考えるバリーが真面目に顎をさすりながら答える。


「師匠はどうなんです?」

一郎にも訊いてみた。


「儂は遠くから人間が日々せせこましく、賑やかに泣き笑いしながら人生を送っているのを視るのが好きじゃのぅ」


「んー。ヒューマンドラマ系ですか。

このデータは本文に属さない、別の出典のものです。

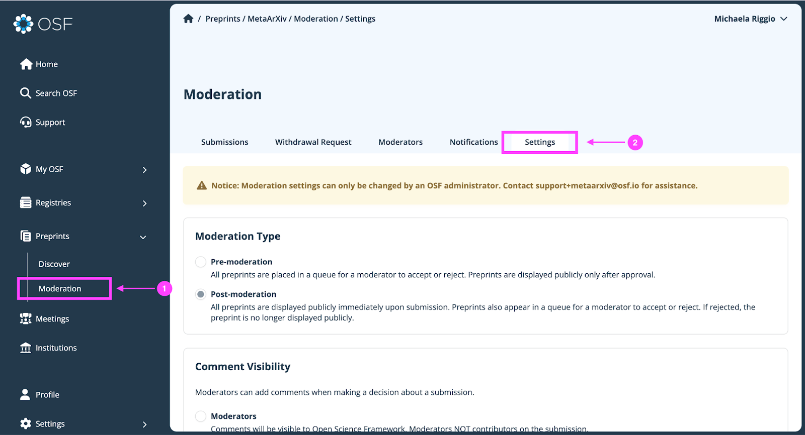 For new OSF Preprint members, several moderation options will be configured by an administrator. 1. You can check these configurations by going to your “Moderation” page.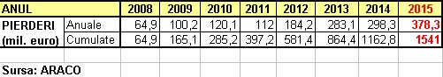 Pierderile totale cauzate de amanarea repetata a inceperii lucrarilor de constructie a autostrazii Comarnic-Brasov vor depasi, in acest an, valoarea de 1,54 miliarde euro, potrivit unor calcule ale Asociatiei Romane a Antreprenorilor de Constructii (ARACO), realizate pe baza studiului de fezabilitate al investitiei. Proiectul a inceput sa genereze pierderi statului roman inca din anul 2008, cand acestea au fost de 64,9 milioane de euro si s-a majorat gradual, in intervalul 2008-2014, pana la 298,3 milioane de euro in 2014, ajungand, la finele anului trecut, la o valoare cumulata de 1,16 miliarde euro. Pierderile estimate pentru 2015 se situeaza la 378,3 milioane de euro, de unde rezulta faptul ca, pana la sfarsitul anului curent, acestea vor insuma 1,541 miliarde euro.In urma finalizarii negocierilor pentru atribuirea contractului de concesiune cu asocierea Vinci-Strabag-Aktor, Compania Nationala de Autostrazi si Drumuri Nationale din Romania (CNADNR) a anuntat, la data de 18 iunie 2015, anularea procedurii pentru atribuirea contractului de concesiune a lucrarilor publice pentru proiectarea, constructia, finantarea, operarea si intretinerea autostrazii Bucuresti - Brasov, pe tronsonul Comarnic-Brasov. "Decizia a fost luata in conformitate cu art.94 din HG 925/2006 («indiferent de momentul initierii procedurii de atribuire, autoritatea contractanta are obligatia de a verifica, inainte de incheierea contractului, respectarea dispozitiilor referitoare la angajarea cheltuielilor din bugetele ce intra sub incidenta legislatiei privind finantele publice») si art. 209 din OUG nr. 34/2006 («autoritatea contractanta are obligatia de a anula aplicarea procedurii pentru atribuirea contractului de achizitie publica in urmatoarele cazuri: litera c) daca abateri grave de la prevederile legislative afecteaza procedura de atribuire sau daca este imposibila incheierea contractului»)", se arata intr-un comunicat oficial al CNADNR.
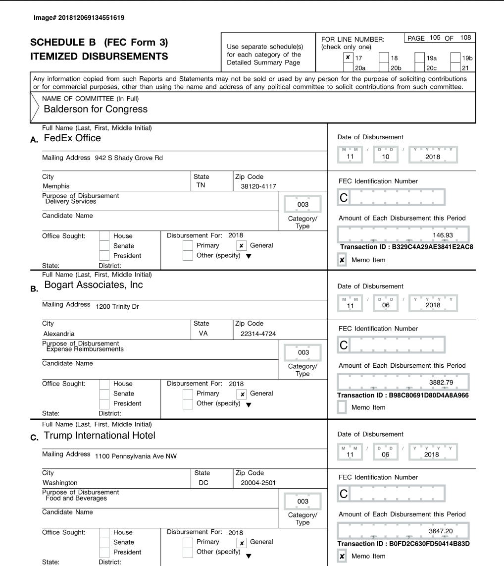 Rep. Troy Balderson’s (R–OH) campaign spent another $3,647.20 on food and beverage at the hotel on Nov. 18. In total his campaign has spent more than $9,000 at the president’s hotel.
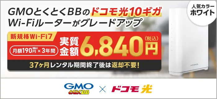 ドコモ光1ギガをGMOとくとくBBからお申込みした場合、1ギガ対応のルーターが無料でレンタルできます!家電量販店でルーターを購入する必要がないので、有難いですね。②:10ギガWi-Fiルーターが月額190円で使える!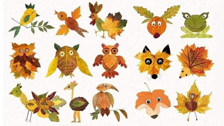 - Лісові звірі: створення портретів тварин, де листя виступає в ролі гриви лева, вушок зайця або голок їжака. Використовуйте листя різних кольорів та розмірів для надання об’єму.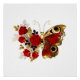 Mariposa de flores de los ojos de pavo real rojo con ala texturada roja, decorada con rosas rojos, pintados artistalmente con tallo dorado y hojas sobre fondo blanco.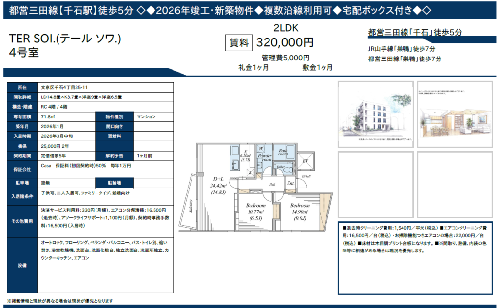 【スタッフからの一言】 文京区千石エリアで、これだけ広いリビングを持つ新築物件は非常に希少です。 最上階(4階)の角部屋につき、陽当たりや通風も良好。 定期借家5年という期間設定もあり、落ち着いて長く住まいたいファミリーにぜひおすすめしたい一部屋です。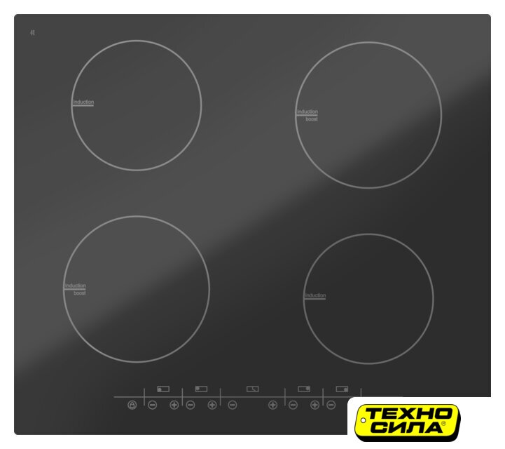 индукционная на 4 конфорки, cтеклокерамика, независимая установка, размеры (ШхГ): 59x52 см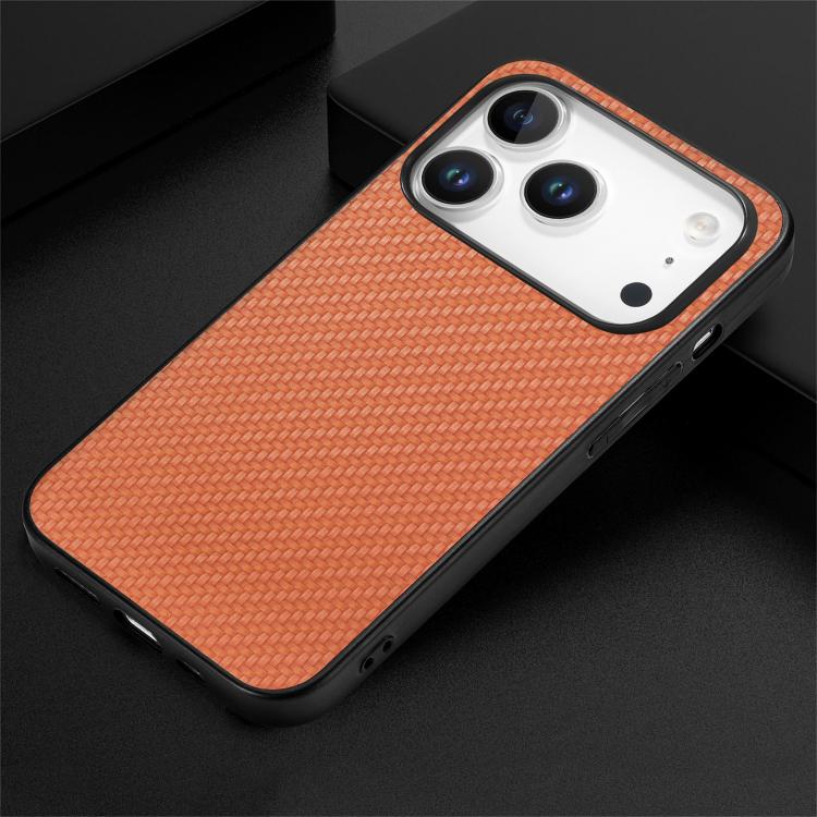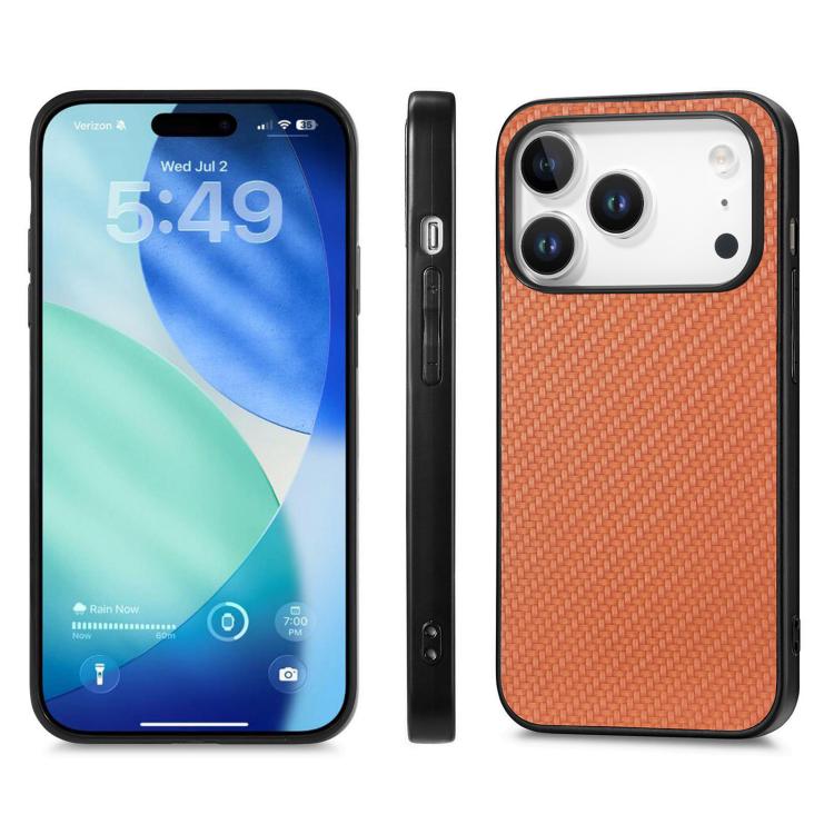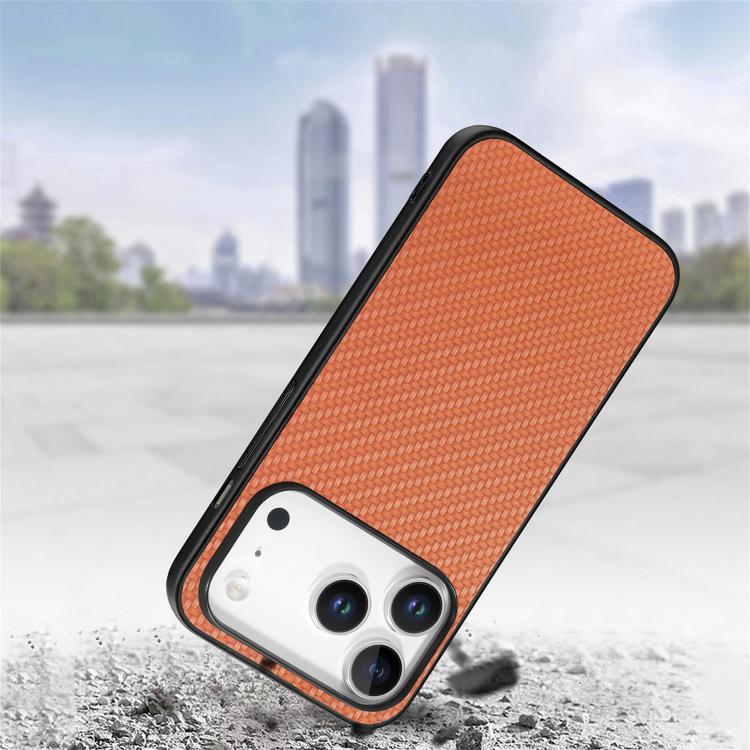 Funda trasera de cuero con textura de fibra de carbono para iPhone 17 Pro Max (marrón)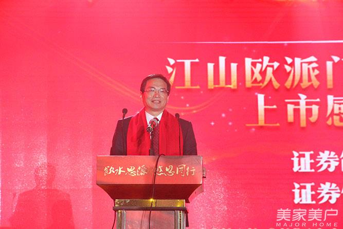 接下来,江山市委吕跃龙书记发表讲话。他感恩大家的到来,一起分享江山欧派门业上市的喜悦,祝福江山欧派门业拥有更好美好的未来,作为江山政府人员,为江山欧派门业感到骄傲。作为江山木门的龙头企业,江山欧派门业为江山提供了更多的就业机会,带动了一大批的创业企业,为江山经济的发展做出了巨大贡献。

なるほどなるほど」

光太郎が思案する。


「恋愛とかはどうなんです?」

「「興味ないっす(ないのぅ)」」

バリーも久島兄弟も即答だった。


 暫く光太郎は思案する。


「ではバリー師匠、後で参考資料と映像を送るのでググッと心に来たやつを教えてください」



 シャープ司令官との通話を終えた光太郎は、夏乃にお願いして日本の昼ドラマや、ホラー映画、異世界もののアニメゲームをバリー宛に送付した。


 数日後、米国のバリーからメッセージが届いた。


「昼ドラ怖い。勘弁して(涙)」


 (涙)なんて芸が細かい奴だなぁ、と光太郎は感心するのだった。